*Study material:*
»»
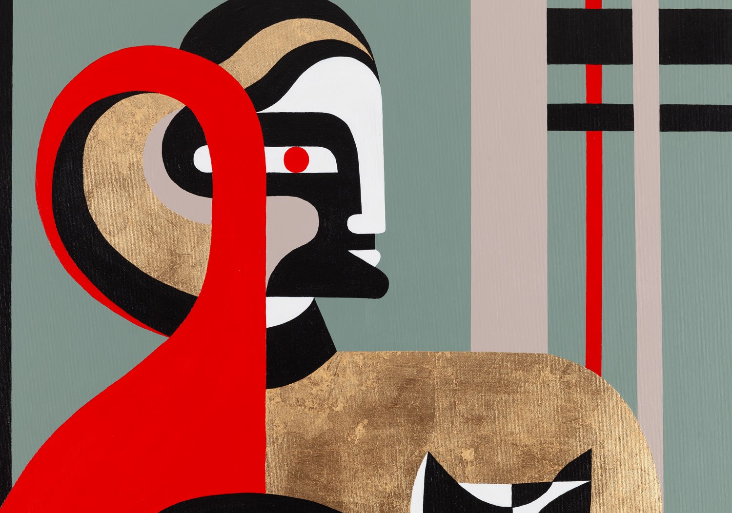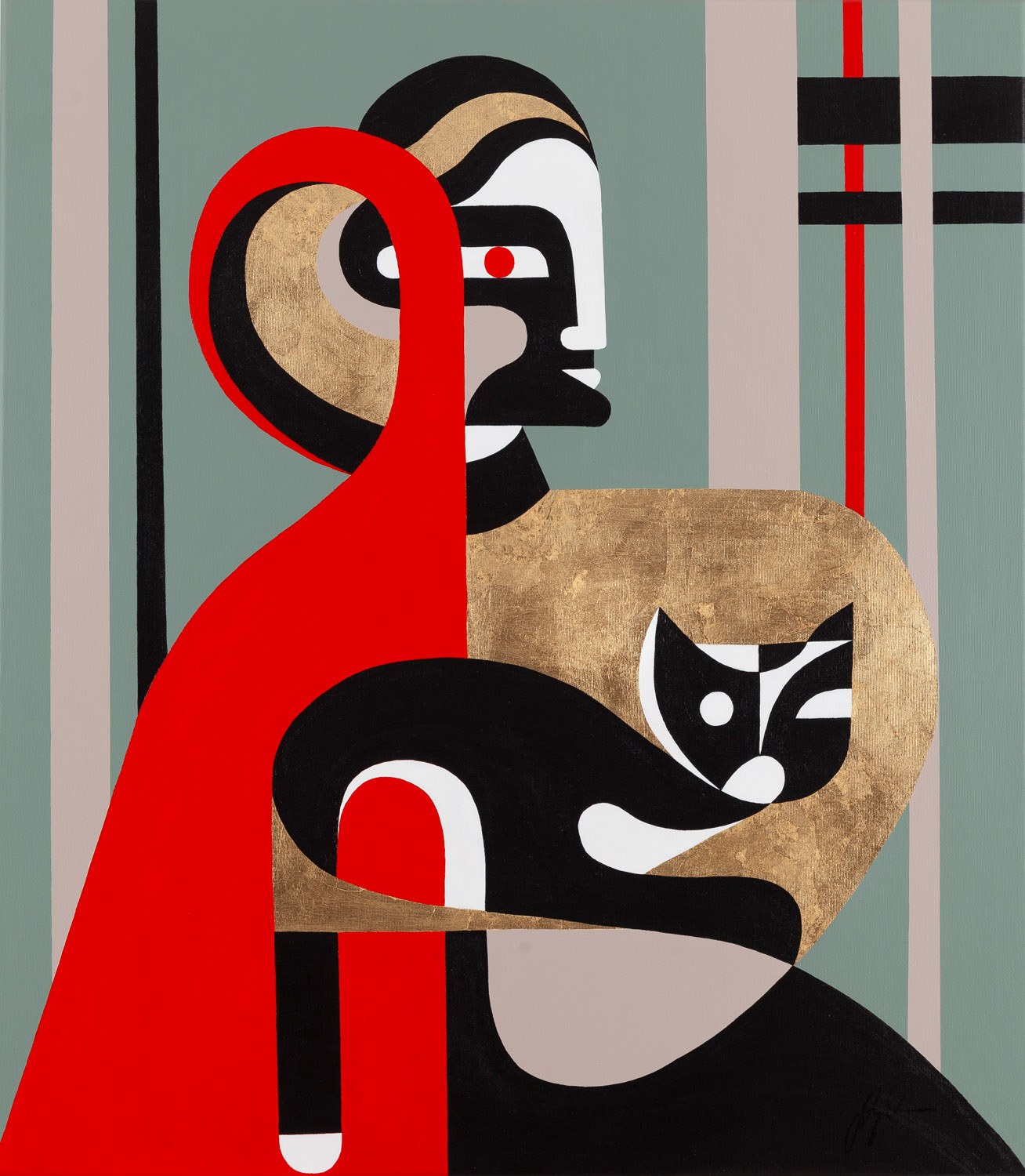 sygnowany, datowany i opisany na odwrociu: 'OSOBA LUDZKA Z | ISTOTĄ KOCIĄ, | 80x70 cm, POZNAŃ 12.01.2024 r. Łukasz Sysło'
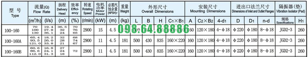 Máy bơm cấp nước trục đứng, bơm đa tầng cánh đứng ISG100-160, IRG100-160 15kw, 100m3, 32m
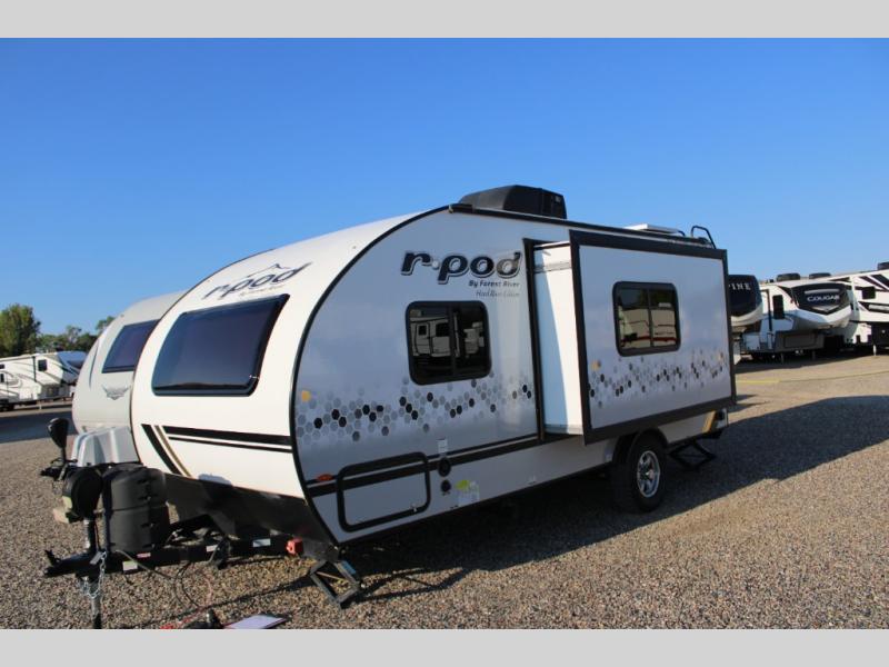 The Forest River R-Pod travel trailer is an excellent choice for lightweight towing and accommodating amenities! There are some enticing inclusions for the R-Pod, like the Azdel composite panels that will completely withstand water damage and the central vacuum system that will make it easy to clean up messes. The R-Pod has the largest refrigerator in its class, and there is also a black glass entrance door that enhances the sleek look of the stylish exterior. The R-Pod has been prepped for a solar panel and a back-up camera, and it also comes with an independent suspension torsion axle for a smooth ride to the campsite.
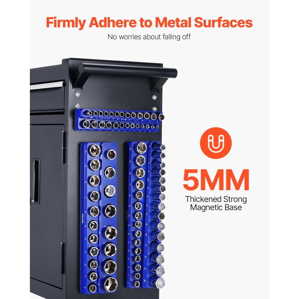 Profesjonalny design: Nasze niebieskie organizery na nasadki są produkowane zgodnie ze standardami branżowymi i zaprojektowane specjalnie do nasadek metrycznych (z napędem 1/4 cala, 3/8 cala i 1/2 cala). Te magnetyczne uchwyty na nasadki ułatwiają organizację i pozwalają szybko znaleźć odpowiednią nasadkę, zwiększając wydajność pracy.
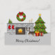 A ilustração original de desenho animado de Destei de um cachorro da raça Boston Terrier, de cor branca e brindle. O cão é colocado numa sala festiva que tem uma lareira e muitas decorações de Natal, incluindo uma árvore de Natal verde, algumas meias vermelhas e uma coroa com um arco vermelho. Há também uma área de texto personalizável que agora diz: "Feliz Natal!".
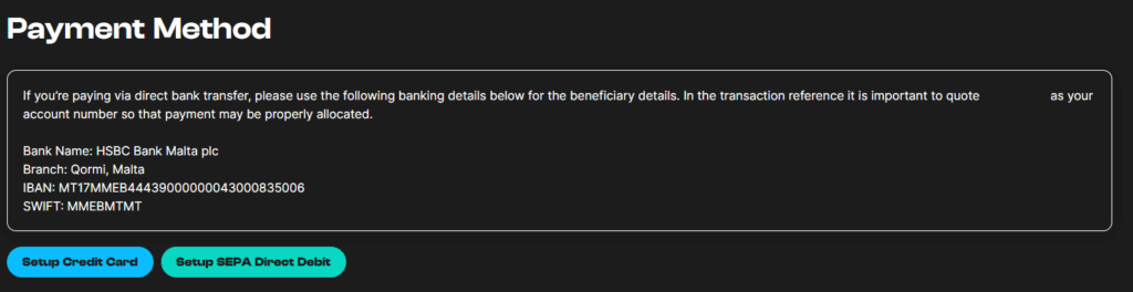 Once you access the modify section, you will be prompted to set up a payment method, either by credit card or SEPA direct debit.
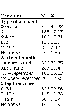 The most reported type of accident was caused by scorpions (47.23%), followed by snakes (17.07%), spiders (15.31%) and bees (11.07%). When observing the ten-year period of the study, accidents with venomous animals occurred predominantly in February (11.99%) and less frequently in September (4.34%). When the last three years (2015-2017) were evaluated, the period with the highest number of occurrences covered the months between October and December. The time between the bite and medical care was also one of the variables analyzed, and most occurred within one hour (56.83%), but there were still cases in which medical care was provided after 24 hours (2.86%) (Table 2).
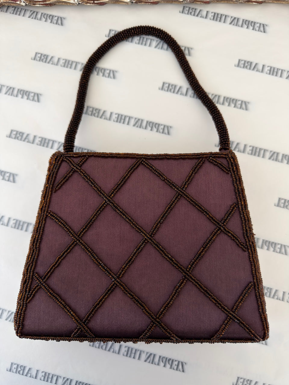 Brown satin, structured evening bag with brown beading.
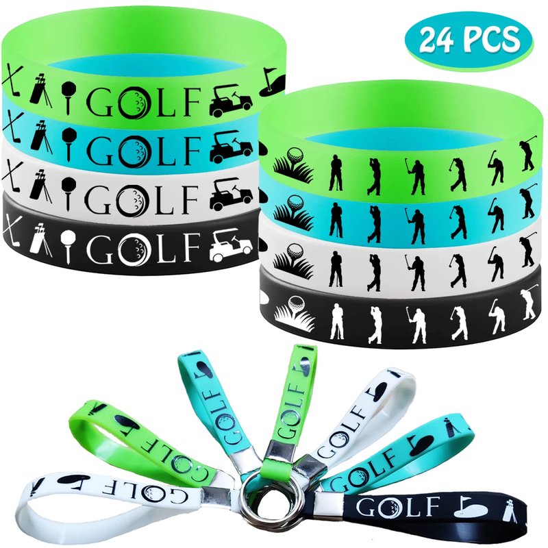 24PCS Golf Party Favors Set -Golf Rubber Bracelets Sport Silicone Wristbands Keychains/Keyrings Party Supplies Decorations Birthday Baby Shower Party Prize
««
*What the task requires:* Your copy should hold only the lines from the one containing "Once you access" through the last line of the listing, both included, retyped exactly and free of pictures.

*Completed exercise:*
 Once you access the modify section, you will be prompted to set up a payment method, either by credit card or SEPA direct debit.
 The most reported type of accident was caused by scorpions (47.23%), followed by snakes (17.07%), spiders (15.31%) and bees (11.07%). When observing the ten-year period of the study, accidents with venomous animals occurred predominantly in February (11.99%) and less frequently in September (4.34%). When the last three years (2015-2017) were evaluated, the period with the highest number of occurrences covered the months between October and December. The time between the bite and medical care was also one of the variables analyzed, and most occurred within one hour (56.83%), but there were still cases in which medical care was provided after 24 hours (2.86%) (Table 2).
 Brown satin, structured evening bag with brown beading.
 24PCS Golf Party Favors Set -Golf Rubber Bracelets Sport Silicone Wristbands Keychains/Keyrings Party Supplies Decorations Birthday Baby Shower Party Prize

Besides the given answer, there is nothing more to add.